University of Illinois (http://illinois.edu/) teachers J. Rogers and X. Li explored lower-cost techniques to produce thin films of gallium arsenide which also made possible flexibility in the kinds of units they might be integrated into.

If you could minimize considerably the cost of gallium arsenide and other compound semiconductors, then you could expand their range of applications.

Generally, gallium arsenide is transferred in a single thin layer on a small wafer. Either the desired device is created directly on the wafer, or the semiconductor-coated wafer is broken up into chips of the desired size. The Illinois team chose to put in numerous layers of the material on one wafer, making a layered, “pancake” stack of gallium arsenide thin films.

If you grow ten levels in one growth, you simply have to fill the wafer 1 time.

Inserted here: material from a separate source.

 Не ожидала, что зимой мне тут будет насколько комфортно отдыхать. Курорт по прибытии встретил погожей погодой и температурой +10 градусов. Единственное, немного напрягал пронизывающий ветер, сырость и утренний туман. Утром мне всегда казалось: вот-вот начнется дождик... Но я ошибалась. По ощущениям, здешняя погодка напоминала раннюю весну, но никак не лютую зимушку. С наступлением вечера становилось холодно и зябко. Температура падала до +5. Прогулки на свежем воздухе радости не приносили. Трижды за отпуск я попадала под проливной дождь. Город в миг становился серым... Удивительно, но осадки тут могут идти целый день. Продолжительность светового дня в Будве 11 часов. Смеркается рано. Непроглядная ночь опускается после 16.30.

If you do this in 10 growths, loading and unloading with temp ramp-up and ramp-down take a lot of time. If you consider what is needed for every growth – the machine, the research, the time, the people – the overhead saving this solution gives is a substantial cost reduction.

Next the researchers independently peel off the levels and transport them. To complete this, the stacks alternate layers of aluminum arsenide with the gallium arsenide. Bathing the stacks in a solution of acid and an oxidizing agent dissolves the layers of aluminum arsenide, freeing the individual small sheets of gallium arsenide. A soft stamp-like device picks up the layers, just one at a time from the top down, for exchange to one other substrate – glass, plastic-type or silicon, based on the application. Next the wafer can be used again for an additional growth.

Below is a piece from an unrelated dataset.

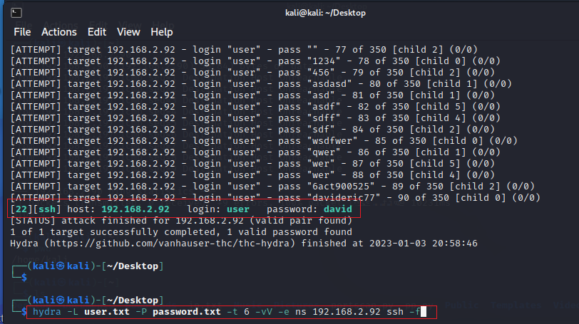 hydra -L user.txt -P password.txt -t 6 -vV -e ns 192.168.2.92 ssh -f

By executing this it’s possible to make considerably more material a lot more rapidly and more price efficient. This process could create mass amounts of material, as opposed to simply the thin single-layer method in which it is usually grown.

Freeing the material from the wafer additionally starts the possibility of flexible, thin-film electronics made with gallium arsenide or different high-speed semiconductors. To make units that can conform but still maintain high efficiency, that is significant.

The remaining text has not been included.